§ PROBLEM DETAILS
Copy the data that follows exactly, and include none of its images.

--

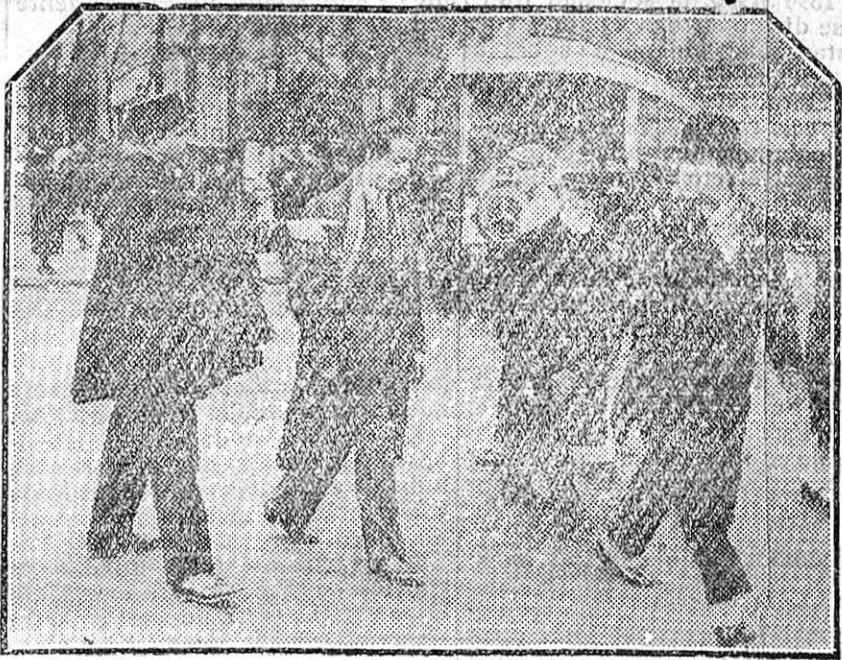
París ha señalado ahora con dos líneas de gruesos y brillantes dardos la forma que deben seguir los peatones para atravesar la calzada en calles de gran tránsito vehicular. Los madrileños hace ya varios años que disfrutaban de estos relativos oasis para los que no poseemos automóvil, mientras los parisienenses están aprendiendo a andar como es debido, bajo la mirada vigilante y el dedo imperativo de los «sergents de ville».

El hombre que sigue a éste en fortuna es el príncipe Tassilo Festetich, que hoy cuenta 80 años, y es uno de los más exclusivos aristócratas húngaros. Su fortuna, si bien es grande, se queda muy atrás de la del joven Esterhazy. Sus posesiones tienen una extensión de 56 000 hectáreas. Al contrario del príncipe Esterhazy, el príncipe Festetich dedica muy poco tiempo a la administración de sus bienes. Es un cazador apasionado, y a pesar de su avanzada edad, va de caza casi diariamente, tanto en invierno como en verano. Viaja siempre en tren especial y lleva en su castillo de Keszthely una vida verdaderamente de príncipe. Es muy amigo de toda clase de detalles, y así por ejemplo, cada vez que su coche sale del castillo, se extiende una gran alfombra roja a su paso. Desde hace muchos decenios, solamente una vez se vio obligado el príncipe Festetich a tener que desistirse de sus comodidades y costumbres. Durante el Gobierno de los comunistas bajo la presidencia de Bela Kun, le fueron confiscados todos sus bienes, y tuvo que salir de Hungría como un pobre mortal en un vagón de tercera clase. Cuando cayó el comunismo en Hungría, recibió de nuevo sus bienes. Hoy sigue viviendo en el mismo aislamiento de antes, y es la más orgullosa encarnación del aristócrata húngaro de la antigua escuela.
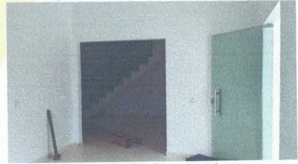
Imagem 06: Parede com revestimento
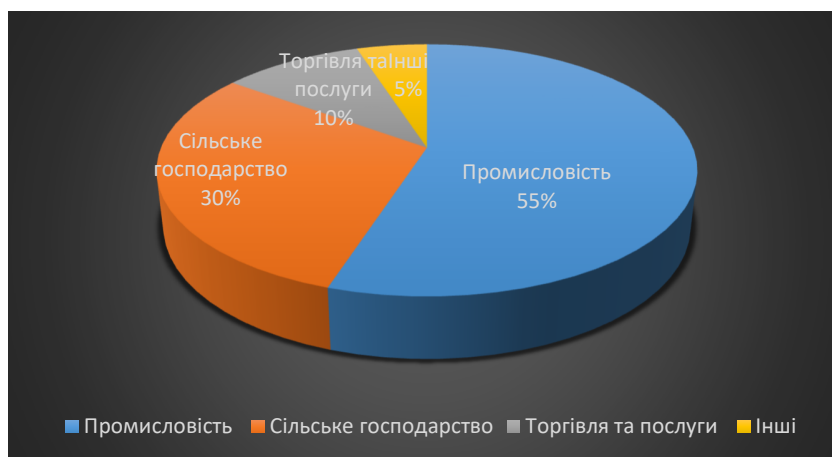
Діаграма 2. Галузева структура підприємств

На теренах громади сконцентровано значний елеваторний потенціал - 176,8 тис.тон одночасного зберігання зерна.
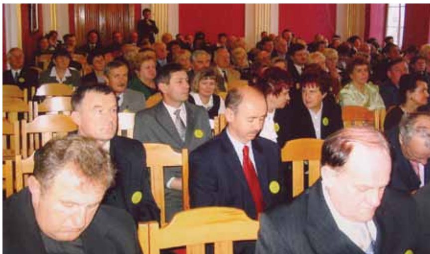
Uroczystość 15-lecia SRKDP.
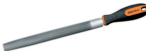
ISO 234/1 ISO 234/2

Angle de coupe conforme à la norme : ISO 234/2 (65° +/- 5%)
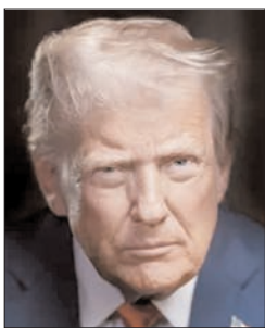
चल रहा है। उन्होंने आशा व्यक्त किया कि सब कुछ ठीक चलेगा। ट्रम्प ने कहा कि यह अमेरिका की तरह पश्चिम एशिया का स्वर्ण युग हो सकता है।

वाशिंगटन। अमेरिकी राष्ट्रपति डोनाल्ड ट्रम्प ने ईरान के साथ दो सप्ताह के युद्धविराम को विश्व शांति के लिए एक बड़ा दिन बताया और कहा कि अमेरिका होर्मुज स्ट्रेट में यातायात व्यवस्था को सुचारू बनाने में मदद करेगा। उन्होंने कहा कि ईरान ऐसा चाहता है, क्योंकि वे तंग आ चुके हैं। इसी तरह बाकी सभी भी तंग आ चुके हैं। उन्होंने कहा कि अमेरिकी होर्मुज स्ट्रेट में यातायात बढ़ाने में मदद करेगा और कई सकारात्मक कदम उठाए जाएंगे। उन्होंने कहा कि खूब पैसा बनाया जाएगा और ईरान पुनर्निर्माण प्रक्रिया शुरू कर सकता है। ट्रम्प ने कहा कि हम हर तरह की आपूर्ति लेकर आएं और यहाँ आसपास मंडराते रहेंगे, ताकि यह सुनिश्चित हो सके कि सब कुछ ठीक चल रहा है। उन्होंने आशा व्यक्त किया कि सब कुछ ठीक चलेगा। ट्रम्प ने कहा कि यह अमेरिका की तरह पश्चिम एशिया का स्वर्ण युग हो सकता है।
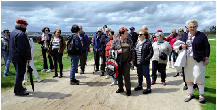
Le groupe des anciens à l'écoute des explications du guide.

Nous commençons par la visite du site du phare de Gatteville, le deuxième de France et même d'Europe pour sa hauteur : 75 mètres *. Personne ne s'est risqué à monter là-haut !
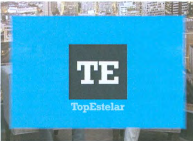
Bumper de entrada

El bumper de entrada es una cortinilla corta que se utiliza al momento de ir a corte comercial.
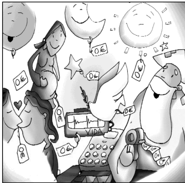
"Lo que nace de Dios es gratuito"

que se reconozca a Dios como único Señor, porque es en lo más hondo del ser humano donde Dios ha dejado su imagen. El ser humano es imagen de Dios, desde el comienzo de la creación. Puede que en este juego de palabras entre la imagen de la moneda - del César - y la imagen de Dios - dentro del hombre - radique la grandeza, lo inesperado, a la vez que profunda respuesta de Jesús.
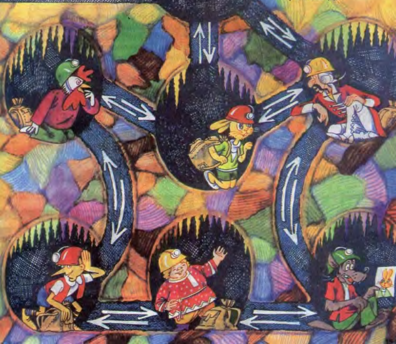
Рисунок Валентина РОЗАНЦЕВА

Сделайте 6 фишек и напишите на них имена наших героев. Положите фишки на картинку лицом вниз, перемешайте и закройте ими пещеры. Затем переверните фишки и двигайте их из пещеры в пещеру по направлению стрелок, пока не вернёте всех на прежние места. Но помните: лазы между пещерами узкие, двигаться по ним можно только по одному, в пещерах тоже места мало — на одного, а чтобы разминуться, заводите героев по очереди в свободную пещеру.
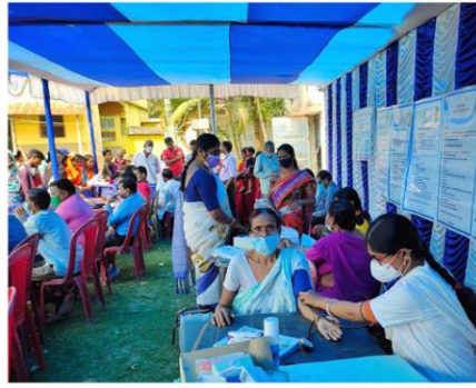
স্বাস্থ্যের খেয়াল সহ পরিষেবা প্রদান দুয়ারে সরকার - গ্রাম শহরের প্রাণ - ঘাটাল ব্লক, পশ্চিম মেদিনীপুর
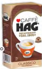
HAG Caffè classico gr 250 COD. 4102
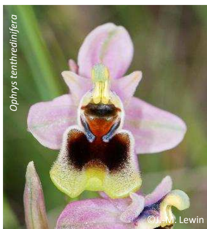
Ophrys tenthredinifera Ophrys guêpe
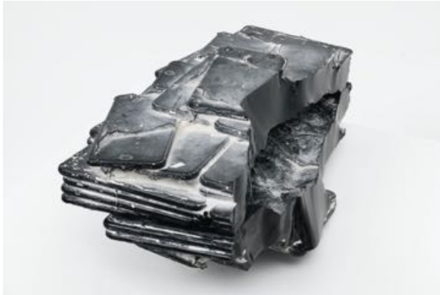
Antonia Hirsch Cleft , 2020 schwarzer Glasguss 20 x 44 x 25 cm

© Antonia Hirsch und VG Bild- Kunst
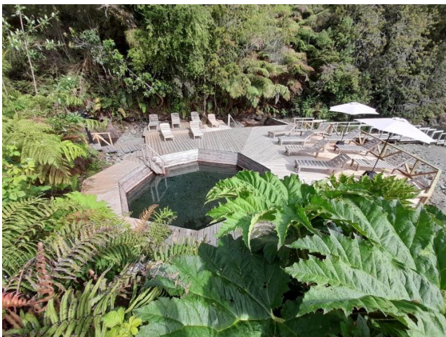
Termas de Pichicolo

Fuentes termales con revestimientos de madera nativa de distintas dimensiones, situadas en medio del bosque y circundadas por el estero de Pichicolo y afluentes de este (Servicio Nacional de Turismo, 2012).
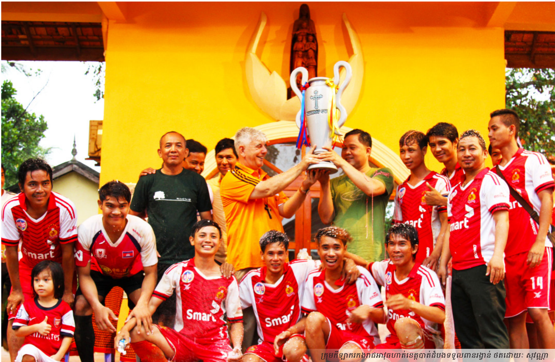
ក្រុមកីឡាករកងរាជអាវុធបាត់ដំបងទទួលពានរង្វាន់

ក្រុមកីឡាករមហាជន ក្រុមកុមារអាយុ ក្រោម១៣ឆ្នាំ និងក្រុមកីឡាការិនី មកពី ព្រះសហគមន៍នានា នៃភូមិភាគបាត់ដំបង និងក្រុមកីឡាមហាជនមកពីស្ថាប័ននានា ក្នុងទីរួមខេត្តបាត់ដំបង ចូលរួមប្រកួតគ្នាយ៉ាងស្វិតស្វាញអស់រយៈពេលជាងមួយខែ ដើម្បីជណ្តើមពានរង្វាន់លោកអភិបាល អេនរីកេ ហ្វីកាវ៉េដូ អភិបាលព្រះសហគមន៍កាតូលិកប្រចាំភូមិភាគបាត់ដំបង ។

--

§ PROBLEM SOLUTION
París ha señalado ahora con dos líneas de gruesos y brillantes dardos la forma que deben seguir los peatones para atravesar la calzada en calles de gran tránsito vehicular. Los madrileños hace ya varios años que disfrutaban de estos relativos oasis para los que no poseemos automóvil, mientras los parisienenses están aprendiendo a andar como es debido, bajo la mirada vigilante y el dedo imperativo de los «sergents de ville».

El hombre que sigue a éste en fortuna es el príncipe Tassilo Festetich, que hoy cuenta 80 años, y es uno de los más exclusivos aristócratas húngaros. Su fortuna, si bien es grande, se queda muy atrás de la del joven Esterhazy. Sus posesiones tienen una extensión de 56 000 hectáreas. Al contrario del príncipe Esterhazy, el príncipe Festetich dedica muy poco tiempo a la administración de sus bienes. Es un cazador apasionado, y a pesar de su avanzada edad, va de caza casi diariamente, tanto en invierno como en verano. Viaja siempre en tren especial y lleva en su castillo de Keszthely una vida verdaderamente de príncipe. Es muy amigo de toda clase de detalles, y así por ejemplo, cada vez que su coche sale del castillo, se extiende una gran alfombra roja a su paso. Desde hace muchos decenios, solamente una vez se vio obligado el príncipe Festetich a tener que desistirse de sus comodidades y costumbres. Durante el Gobierno de los comunistas bajo la presidencia de Bela Kun, le fueron confiscados todos sus bienes, y tuvo que salir de Hungría como un pobre mortal en un vagón de tercera clase. Cuando cayó el comunismo en Hungría, recibió de nuevo sus bienes. Hoy sigue viviendo en el mismo aislamiento de antes, y es la más orgullosa encarnación del aristócrata húngaro de la antigua escuela.
Imagem 06: Parede com revestimento
Діаграма 2. Галузева структура підприємств

На теренах громади сконцентровано значний елеваторний потенціал - 176,8 тис.тон одночасного зберігання зерна.
Uroczystość 15-lecia SRKDP.
ISO 234/1 ISO 234/2

Angle de coupe conforme à la norme : ISO 234/2 (65° +/- 5%)
चल रहा है। उन्होंने आशा व्यक्त किया कि सब कुछ ठीक चलेगा। ट्रम्प ने कहा कि यह अमेरिका की तरह पश्चिम एशिया का स्वर्ण युग हो सकता है।

वाशिंगटन। अमेरिकी राष्ट्रपति डोनाल्ड ट्रम्प ने ईरान के साथ दो सप्ताह के युद्धविराम को विश्व शांति के लिए एक बड़ा दिन बताया और कहा कि अमेरिका होर्मुज स्ट्रेट में यातायात व्यवस्था को सुचारू बनाने में मदद करेगा। उन्होंने कहा कि ईरान ऐसा चाहता है, क्योंकि वे तंग आ चुके हैं। इसी तरह बाकी सभी भी तंग आ चुके हैं। उन्होंने कहा कि अमेरिकी होर्मुज स्ट्रेट में यातायात बढ़ाने में मदद करेगा और कई सकारात्मक कदम उठाए जाएंगे। उन्होंने कहा कि खूब पैसा बनाया जाएगा और ईरान पुनर्निर्माण प्रक्रिया शुरू कर सकता है। ट्रम्प ने कहा कि हम हर तरह की आपूर्ति लेकर आएं और यहाँ आसपास मंडराते रहेंगे, ताकि यह सुनिश्चित हो सके कि सब कुछ ठीक चल रहा है। उन्होंने आशा व्यक्त किया कि सब कुछ ठीक चलेगा। ट्रम्प ने कहा कि यह अमेरिका की तरह पश्चिम एशिया का स्वर्ण युग हो सकता है।
Le groupe des anciens à l'écoute des explications du guide.

Nous commençons par la visite du site du phare de Gatteville, le deuxième de France et même d'Europe pour sa hauteur : 75 mètres *. Personne ne s'est risqué à monter là-haut !
Bumper de entrada

El bumper de entrada es una cortinilla corta que se utiliza al momento de ir a corte comercial.
"Lo que nace de Dios es gratuito"

que se reconozca a Dios como único Señor, porque es en lo más hondo del ser humano donde Dios ha dejado su imagen. El ser humano es imagen de Dios, desde el comienzo de la creación. Puede que en este juego de palabras entre la imagen de la moneda - del César - y la imagen de Dios - dentro del hombre - radique la grandeza, lo inesperado, a la vez que profunda respuesta de Jesús.
Рисунок Валентина РОЗАНЦЕВА

Сделайте 6 фишек и напишите на них имена наших героев. Положите фишки на картинку лицом вниз, перемешайте и закройте ими пещеры. Затем переверните фишки и двигайте их из пещеры в пещеру по направлению стрелок, пока не вернёте всех на прежние места. Но помните: лазы между пещерами узкие, двигаться по ним можно только по одному, в пещерах тоже места мало — на одного, а чтобы разминуться, заводите героев по очереди в свободную пещеру.
স্বাস্থ্যের খেয়াল সহ পরিষেবা প্রদান দুয়ারে সরকার - গ্রাম শহরের প্রাণ - ঘাটাল ব্লক, পশ্চিম মেদিনীপুর
HAG Caffè classico gr 250 COD. 4102
Ophrys tenthredinifera Ophrys guêpe
Antonia Hirsch Cleft , 2020 schwarzer Glasguss 20 x 44 x 25 cm

© Antonia Hirsch und VG Bild- Kunst
Termas de Pichicolo

Fuentes termales con revestimientos de madera nativa de distintas dimensiones, situadas en medio del bosque y circundadas por el estero de Pichicolo y afluentes de este (Servicio Nacional de Turismo, 2012).
ក្រុមកីឡាករកងរាជអាវុធបាត់ដំបងទទួលពានរង្វាន់

ក្រុមកីឡាករមហាជន ក្រុមកុមារអាយុ ក្រោម១៣ឆ្នាំ និងក្រុមកីឡាការិនី មកពី ព្រះសហគមន៍នានា នៃភូមិភាគបាត់ដំបង និងក្រុមកីឡាមហាជនមកពីស្ថាប័ននានា ក្នុងទីរួមខេត្តបាត់ដំបង ចូលរួមប្រកួតគ្នាយ៉ាងស្វិតស្វាញអស់រយៈពេលជាងមួយខែ ដើម្បីជណ្តើមពានរង្វាន់លោកអភិបាល អេនរីកេ ហ្វីកាវ៉េដូ អភិបាលព្រះសហគមន៍កាតូលិកប្រចាំភូមិភាគបាត់ដំបង ។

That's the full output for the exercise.